The secessionists will be brought to justice in accordance with the Anti-Secession Law, the Criminal Law and the National Security Law and they will be held accountable for life, the report said.
Li Zhenguang, a professor at the Institute of Taiwan Studies at Beijing Union University, said those politicians on the island who have declared their “Taiwan independence” stance in public are most likely to be included in the blacklist.
Li said examples are Lai Chingte, deputy leader of Taiwan, who has explicitly declared himself a “worker for Taiwan independence” and said the island is “an independent country”, Su Tseng-chang, chief of the island’s executive body and Yu Shyi-kun, head of the island’s “legislative yuan”, who have blatantly promoted “Taiwan independence”.
Those who support Taiwan secessionists politically or economically will also be affected, including some executives who run businesses on the mainland but provide funds for secessionists on the island, Li said.
“Although the move is aimed at a small number of stubborn secessionists, and ordinary people in Taiwan are not included, it’s time for people in Taiwan to think seriously about whether they support ‘Taiwan independence’,” he added.
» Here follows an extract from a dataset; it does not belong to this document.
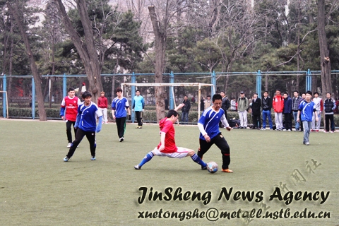 随着裁判员一声哨响,比赛正式开始。尽管天气寒冷,但球员们完美的盘带,有力的头顶,巧妙的过人,犀利的射门,门将的猛扑,充分演绎着足球的惊险与激情。现场观众全神贯注地观看比赛,不愿错过任何一个精彩瞬间。又是裁判的一声哨响,主场比赛结束了,双方0:0平局。比赛进入点球大战阶段,点球过程惊心动魄,每个球员的表现都关系着球队的胜败。最终冶本08级球队以5:4荣获此次比赛冠军,冶本09级赢得亚军,冶研联队赢得季军。

Being highly vigilant and resolute in containing separatist activities aimed at “Taiwan independence” has been written in the Party leadership’s proposals for formulating the 14th Five-Year Plan (2021-25) for National Economic and Social Development and the Long-Range Objectives Through the Year 2035.
“It means that for a long time, it will become an important part of the mainland’s work with Taiwan to resolutely and effectively contain the secession of ‘Taiwan independence’,” Li said.
“The mainland will make full preparations to resist secessionist acts, but also take practical measures to respond to and strike at provocations of ‘Taiwan independence’,” he added.
That Beijing has not denied reports that it is drafting a list of those seeking the secession of Taiwan has fueled speculation that those on the list and their patrons will be held accountable under the AntiSecession Law, the Criminal Law and the National Security Law.
The legitimacy of such a list is beyond doubt. As the country’s legal system has matured, all of the three aforementioned laws have specific articles on secessionist activities.
Should the list be drawn up, it will be a warning to those pursuing the separation of the island from the motherland. Those who have been threatening the country’s sovereignty and territorial integrity have been doing so with impunity for too long.
Since the Tsai Ing-wen-led Democratic Progressive Party took power on the island in 2016, the once positive momentum of cross-Straits exchanges and dialogues has been halted thanks to Tsai’s refusal to acknowledge the one-China principle.
Emboldened by the anti-China policies of the US administration, the secessionists on the island have misjudged the situation, attempting to “go at full speed” toward “Taiwan independence”.
Reaching out for a yard after taking an inch, the island’s administration is trying to take advantage of the US administration’s China containment policies to advance its secessionist cause.
Its collusion with the United States, and its efforts to amend the “Constitution” and organize a “referendum” on the island have all constituted open challenges to the Chinese mainland’s bottom line of defending the country’s sovereign and territorial integrity.
Once it is implemented, the secessionist list system will not only be a grave warning to the secessionists and their patrons — who will find their lives becoming different on the island and even beyond — and a deterrent to their potential followers, but also a reminder to the rest of the world to shun them.
That being said, the list will enable the mainland to make better-targeted and more focused counter-secessionist moves, which will be conducive to preventing the island’s law-abiding residents from being unnecessarily punished, as well as avoiding the worst-case scenario of force being the only way to resolve the Taiwan question.
Those secessionists fancying that the Taiwan Straits is a geographical protective screen will soon find that the mainland has already developed the necessary capacity to bring them to justice even before national reunification.